Two other issues raised by our observations remain unresolved and are attractive subjects for future study. First, why do IL-4 and IL-13 differ in their relative effects on airway responsiveness in IL-4Rα+/−
mice? One possible explanation is that IL-4 but not IL-13 stimulates NK and T cells to produce IFN-γ and IL-10 (Finkelman et al., 2005
; Morris et al., 2006
; unpublished data), cytokines which can suppress airway responsiveness. Failure of IL-4 to induce these cytokines in IL-4Rα−/−
mice might account for the greater IL-4 stimulation of AHR in IL-4Rα−/−
mice than IL-4Rα+/−
or wild-type mice. The failure of IL-13 to induce IFN-γ or IL-10 expression would account for the greater effect of IL-13 on AHR in wild-type mice, in which it directly affects epithelial and inflammatory cells, than on IL-4Rα−/−
mice, in which it only directly affects smooth muscle.

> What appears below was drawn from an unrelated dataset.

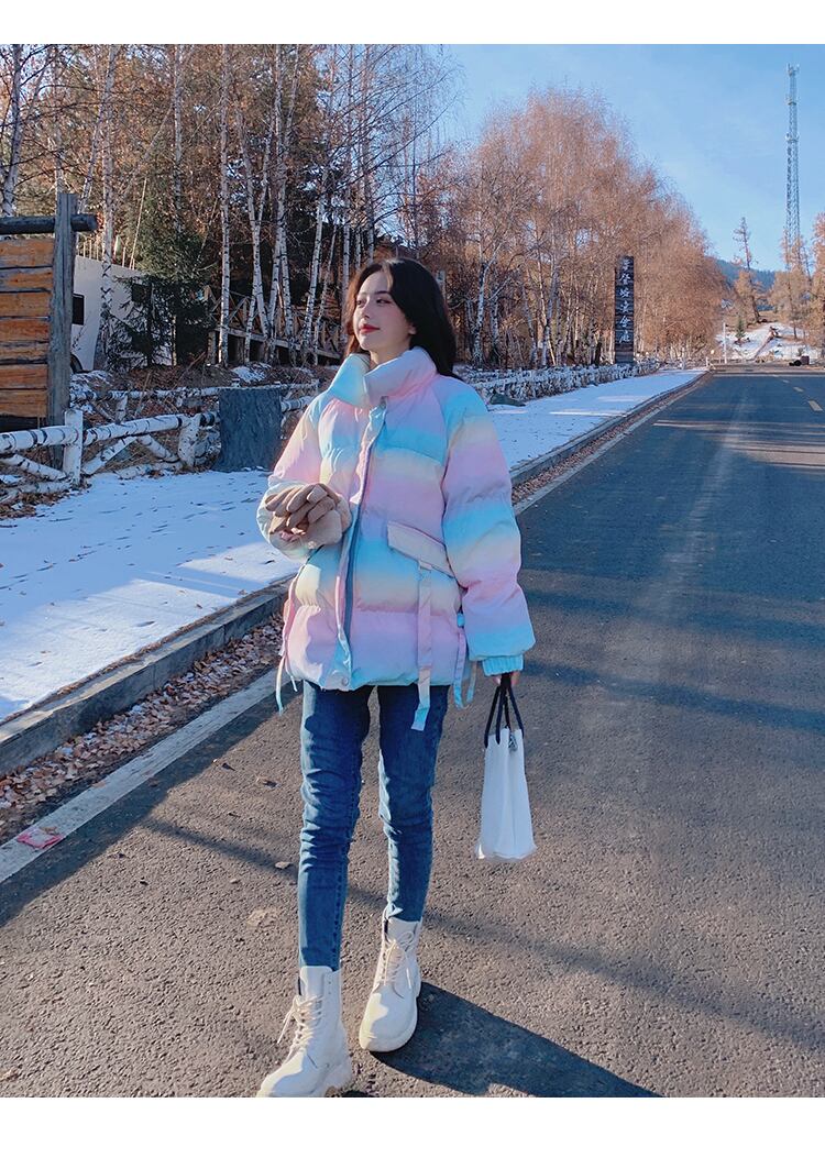 レインボーダウンジャケット ダウンコート コットンパッド入りジャケット ジャケット コート アウター 冬 a4011

Second, do IL-4/IL-13 effects on smooth muscle and epithelial cells totally account for AHR induction by these cytokines, or might effects of these cytokines on other non–bone marrow–derived cell types (neurons, fibroblasts, and vascular endothelium) also contribute? Mice that express a floxed IL-4Rα gene and both smooth muscle– and epithelial cell–specific Cre are currently being bred to address this question.